Figure 8. Analysis of secondary C57BL/6 recipients with transplanted bone marrow cells from treated CD46^+/+/Hbbth-3 mice.

(A) Engraftment rates measured in the periphery based on the percentage of human CD46⁺ (hCD46⁺) cells in PBMCs after busulfan conditioning or total-body irradiation (TBI). (C57BL/6 recipients do not express hCD46.) (B) Percentage of human γ-globin–expressing peripheral blood RBCs. All mice received immunosuppression starting from week 4 after transplantation. (C) Percentage of γ-globin⁺ cells in hCD46⁺ (donor-derived) cells. (C and D) γ-Globin/CD46 expression in secondary C57BL/6 recipients at week 20 after transplant (busulfan preconditioning). CD46⁺ cells were immunomagnetically separated from the chimeric bone marrow of 3 representative secondary mice and analyzed for γ-globin expression by flow cytometry. Notably, unlike humans, huCD46tg mice express CD46 on RBCs. (C) γ-Globin/CD46 marking rates of primary and secondary recipients at sacrifice. (D) γ-Globin expression in CD46⁺-selected cells from the hematopoietic tissues of secondary recipients (week 20). Each symbol represents an individual animal. (E) γ-Globin expression in secondary recipients that received a new (second) round of HSPC mobilization/in vivo transduction (n = 5). Secondary recipients (busulfan-preconditioned) were analyzed for γ-globin and CD46 expression at week 20 after transplantation (“Before in vivo transduction”). These mice were then mobilized and transduced in vivo with the HDAd-γ-globin plus HDAd-SB vectors. Four weeks after in vivo transduction, mice were sacrificed and analyzed (“Week 4 after in vivo transduction”). ***P ≤ 0.00003. Statistical analyses were performed using 1-way ANOVA.

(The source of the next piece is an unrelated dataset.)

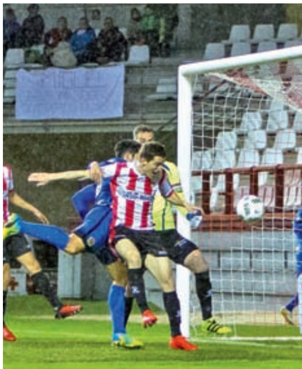
El CF Fuenlabrada, la pasada jornada CF FUENLABRADA

En cuanto a su rival, los de Alfredo Santaelena ocupan una posición delicada. Dos derrotas y un empate en las últimas tres jornadas los han colocado en decimosex-

Figure 9. Safety of in vivo transduction/selection in the CD46^+/+/Hbbth-3 mouse model.

(A) WBC and platelet (PLT) counts during and after in vivo selection. O⁶BG/BCNU treatment is indicated by red asterisks. n ≥ 3. (B) Absolute numbers of circulating WBC subpopulations. n ≥ 3. (C) Cellular bone marrow composition in control and treated mice sacrificed at week 29. Shown is the percentage of lineage marker–positive cells (Ter119⁺, CD3⁺, CD19⁺, and Gr-1⁺ cells) and HSPCs (LSK cells). (D) Colony-forming potential of bone marrow cells harvested at week 29. Each symbol represents an individual animal. *P ≤ 0.05, **P ≤ 0.0002, ***P ≤ 0.00003. Statistical analyses were performed using 2-way ANOVA. NEU: neutrophils; LY: lymphocytes; MO: monocytes.